→ **About this task**
The task for the listing below is to write out exactly the lines starting at the one containing "Fixky v tvare" and ending at the one containing "I needed a tool", both included. Pictures are to be omitted.

→ **Exercise input**
####

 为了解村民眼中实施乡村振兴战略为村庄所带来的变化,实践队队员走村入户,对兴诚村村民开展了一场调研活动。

####

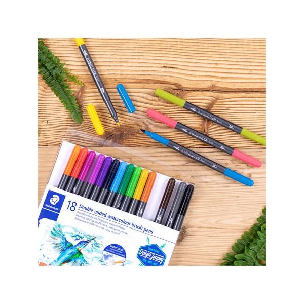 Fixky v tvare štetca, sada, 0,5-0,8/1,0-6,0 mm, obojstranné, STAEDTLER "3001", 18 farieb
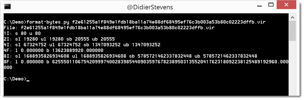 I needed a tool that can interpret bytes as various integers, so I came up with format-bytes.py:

####

→ **Result for this exercise**
 Fixky v tvare štetca, sada, 0,5-0,8/1,0-6,0 mm, obojstranné, STAEDTLER "3001", 18 farieb
 I needed a tool that can interpret bytes as various integers, so I came up with format-bytes.py:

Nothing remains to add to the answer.